Extracted records:
-------
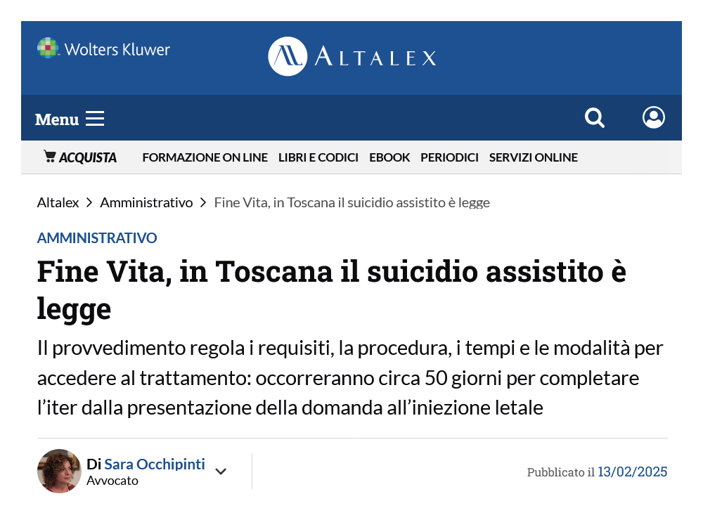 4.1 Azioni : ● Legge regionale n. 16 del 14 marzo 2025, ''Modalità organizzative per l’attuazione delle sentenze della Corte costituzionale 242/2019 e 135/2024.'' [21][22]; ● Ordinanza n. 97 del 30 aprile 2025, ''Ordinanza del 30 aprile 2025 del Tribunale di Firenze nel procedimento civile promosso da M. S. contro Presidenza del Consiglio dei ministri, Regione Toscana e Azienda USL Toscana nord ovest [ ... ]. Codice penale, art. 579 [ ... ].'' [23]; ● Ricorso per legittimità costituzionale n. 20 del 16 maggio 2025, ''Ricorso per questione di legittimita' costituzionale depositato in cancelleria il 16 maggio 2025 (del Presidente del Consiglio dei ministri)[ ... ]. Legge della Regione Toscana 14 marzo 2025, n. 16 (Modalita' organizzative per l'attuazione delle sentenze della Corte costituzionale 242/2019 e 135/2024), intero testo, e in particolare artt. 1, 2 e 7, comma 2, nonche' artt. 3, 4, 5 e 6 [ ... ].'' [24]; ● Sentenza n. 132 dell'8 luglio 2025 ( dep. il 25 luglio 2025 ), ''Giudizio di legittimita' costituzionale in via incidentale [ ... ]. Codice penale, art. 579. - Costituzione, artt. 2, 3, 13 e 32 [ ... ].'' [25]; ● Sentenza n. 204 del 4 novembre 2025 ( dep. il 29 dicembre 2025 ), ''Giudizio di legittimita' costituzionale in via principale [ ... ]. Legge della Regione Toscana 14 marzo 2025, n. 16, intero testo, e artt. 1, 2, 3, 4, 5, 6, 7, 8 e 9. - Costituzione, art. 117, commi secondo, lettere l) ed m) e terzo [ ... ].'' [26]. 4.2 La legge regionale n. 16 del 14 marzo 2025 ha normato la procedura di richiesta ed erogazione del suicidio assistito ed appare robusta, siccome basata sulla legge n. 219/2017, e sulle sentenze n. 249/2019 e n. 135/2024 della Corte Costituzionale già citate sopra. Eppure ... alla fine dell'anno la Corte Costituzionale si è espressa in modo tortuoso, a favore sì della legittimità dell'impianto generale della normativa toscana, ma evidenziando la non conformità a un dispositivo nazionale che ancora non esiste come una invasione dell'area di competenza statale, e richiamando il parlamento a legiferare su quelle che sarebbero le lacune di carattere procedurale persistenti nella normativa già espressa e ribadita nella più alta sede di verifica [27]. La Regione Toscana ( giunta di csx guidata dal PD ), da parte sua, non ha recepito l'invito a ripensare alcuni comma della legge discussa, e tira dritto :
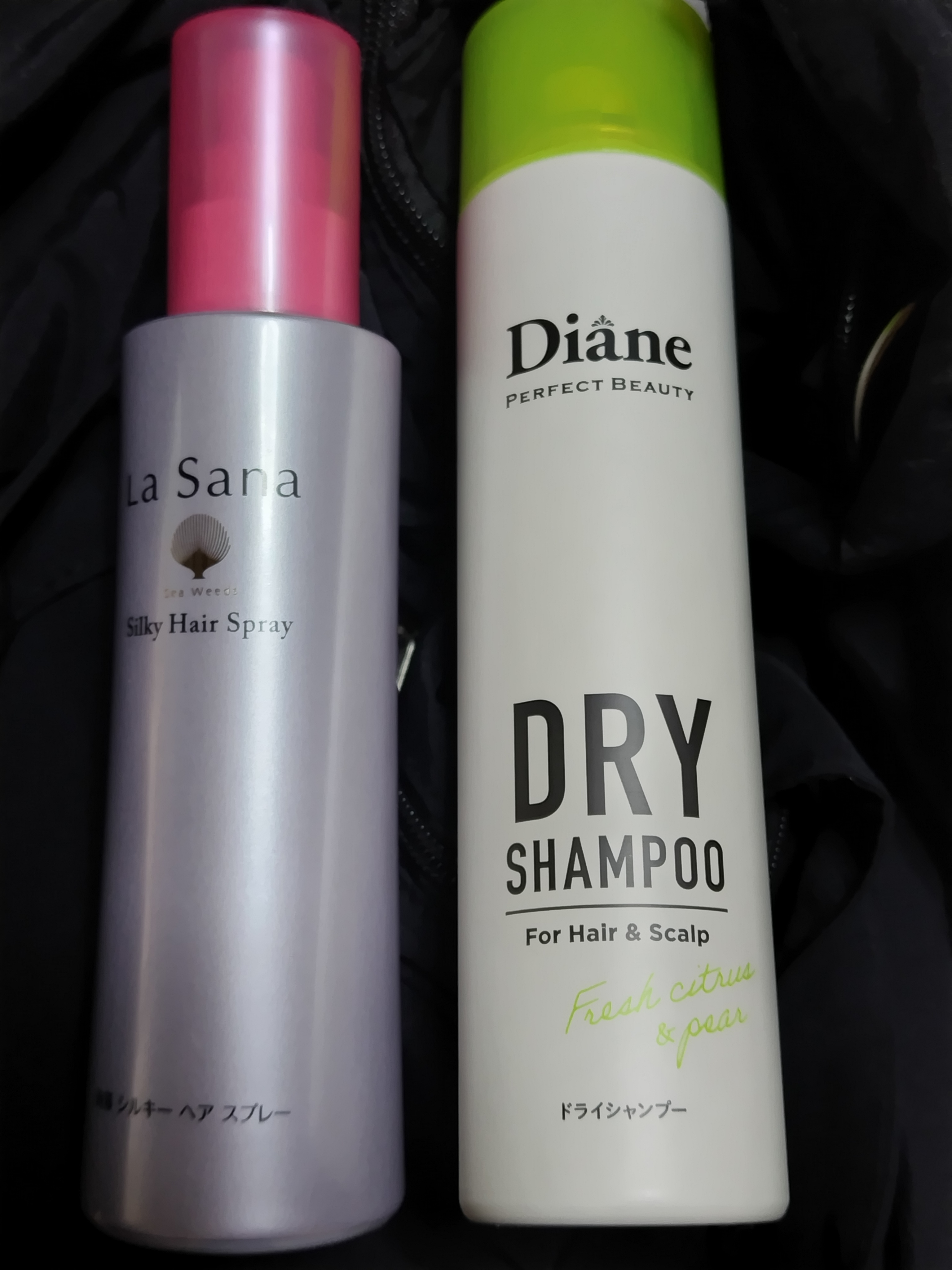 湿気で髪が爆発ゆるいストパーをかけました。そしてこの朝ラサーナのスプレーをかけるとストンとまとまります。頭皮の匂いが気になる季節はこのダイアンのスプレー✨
-------
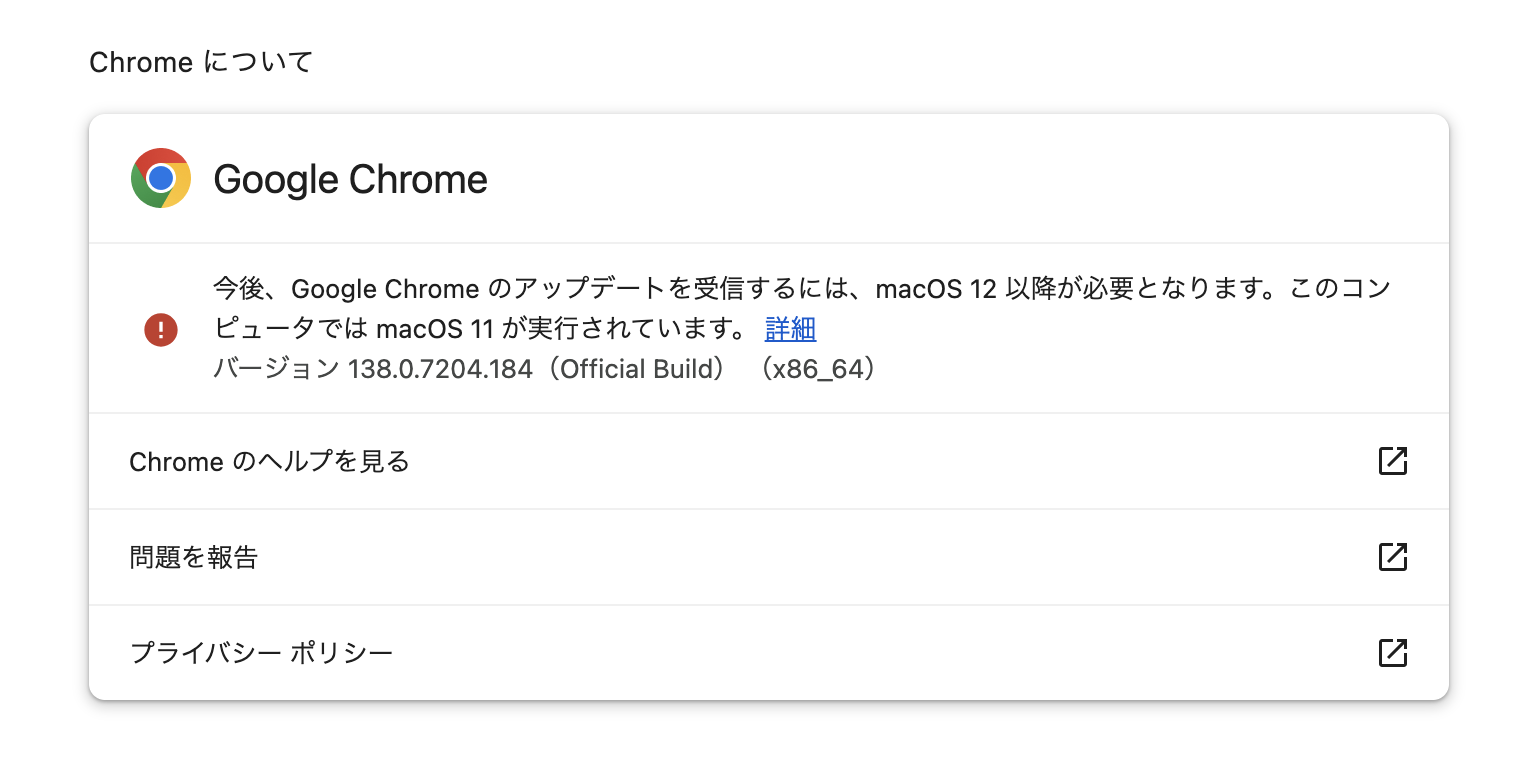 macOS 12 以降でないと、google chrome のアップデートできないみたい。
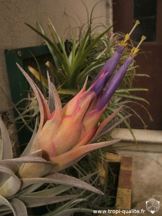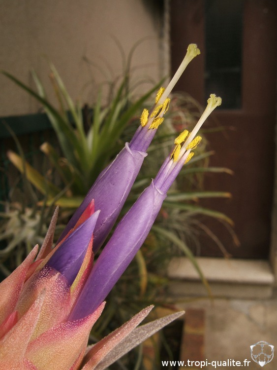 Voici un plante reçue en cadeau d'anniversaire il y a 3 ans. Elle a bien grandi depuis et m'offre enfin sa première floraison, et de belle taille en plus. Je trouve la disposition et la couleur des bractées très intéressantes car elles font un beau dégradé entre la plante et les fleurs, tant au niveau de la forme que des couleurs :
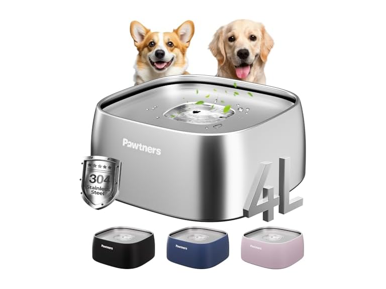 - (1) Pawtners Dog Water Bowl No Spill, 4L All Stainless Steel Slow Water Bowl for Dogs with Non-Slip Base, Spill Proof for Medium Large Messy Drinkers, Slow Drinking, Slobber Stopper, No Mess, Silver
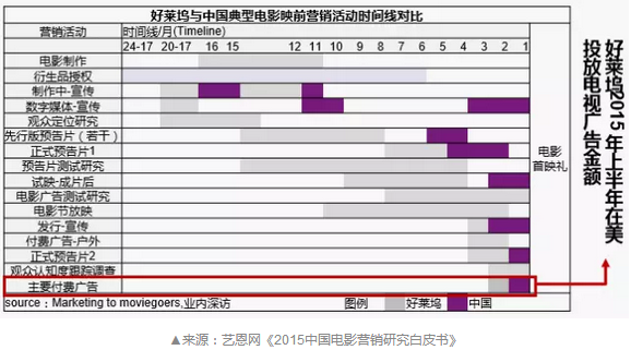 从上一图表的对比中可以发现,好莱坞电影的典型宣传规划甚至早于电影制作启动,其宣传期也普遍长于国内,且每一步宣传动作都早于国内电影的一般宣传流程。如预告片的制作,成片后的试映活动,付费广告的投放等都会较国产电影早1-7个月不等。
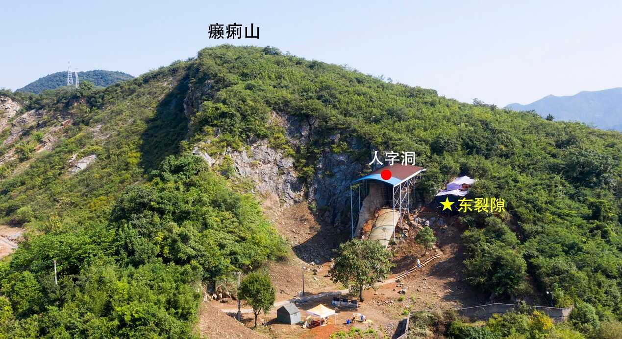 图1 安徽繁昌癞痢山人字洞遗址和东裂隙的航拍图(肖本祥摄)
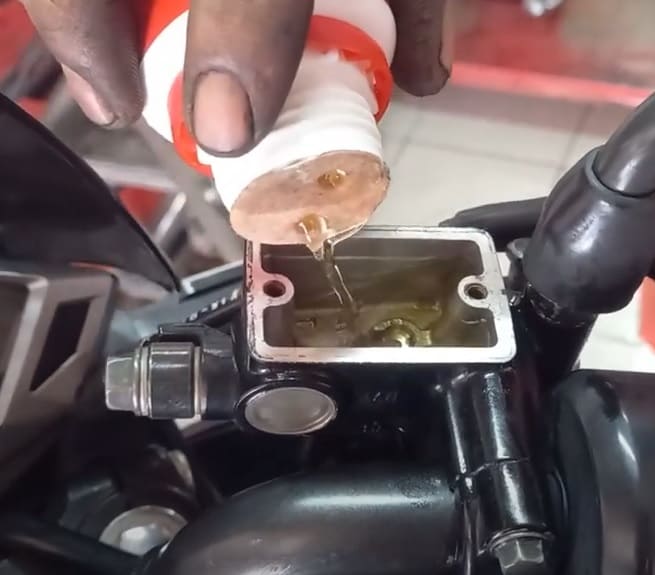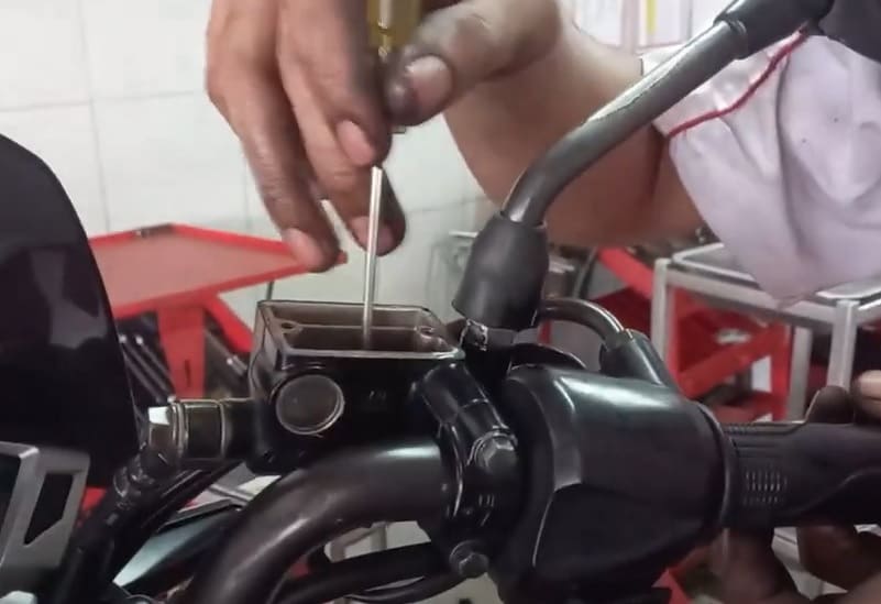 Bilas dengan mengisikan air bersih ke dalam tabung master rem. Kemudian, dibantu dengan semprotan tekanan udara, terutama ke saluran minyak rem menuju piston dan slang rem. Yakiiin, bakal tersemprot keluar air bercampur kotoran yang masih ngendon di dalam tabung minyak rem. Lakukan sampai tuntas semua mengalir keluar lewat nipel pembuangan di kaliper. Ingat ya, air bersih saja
-------
Assignment: A verbatim reproduction is expected: starting at the line above that has "macOS 12 以降でないと、google", ending at the line that has "图1 安徽繁昌癞痢山人字洞遗址和东裂隙的航拍图(肖本祥摄)", both included, and with no pictures and no other lines.

Solution to this exercise:
 macOS 12 以降でないと、google chrome のアップデートできないみたい。
 Voici un plante reçue en cadeau d'anniversaire il y a 3 ans. Elle a bien grandi depuis et m'offre enfin sa première floraison, et de belle taille en plus. Je trouve la disposition et la couleur des bractées très intéressantes car elles font un beau dégradé entre la plante et les fleurs, tant au niveau de la forme que des couleurs :
 - (1) Pawtners Dog Water Bowl No Spill, 4L All Stainless Steel Slow Water Bowl for Dogs with Non-Slip Base, Spill Proof for Medium Large Messy Drinkers, Slow Drinking, Slobber Stopper, No Mess, Silver
 从上一图表的对比中可以发现,好莱坞电影的典型宣传规划甚至早于电影制作启动,其宣传期也普遍长于国内,且每一步宣传动作都早于国内电影的一般宣传流程。如预告片的制作,成片后的试映活动,付费广告的投放等都会较国产电影早1-7个月不等。
 图1 安徽繁昌癞痢山人字洞遗址和东裂隙的航拍图(肖本祥摄)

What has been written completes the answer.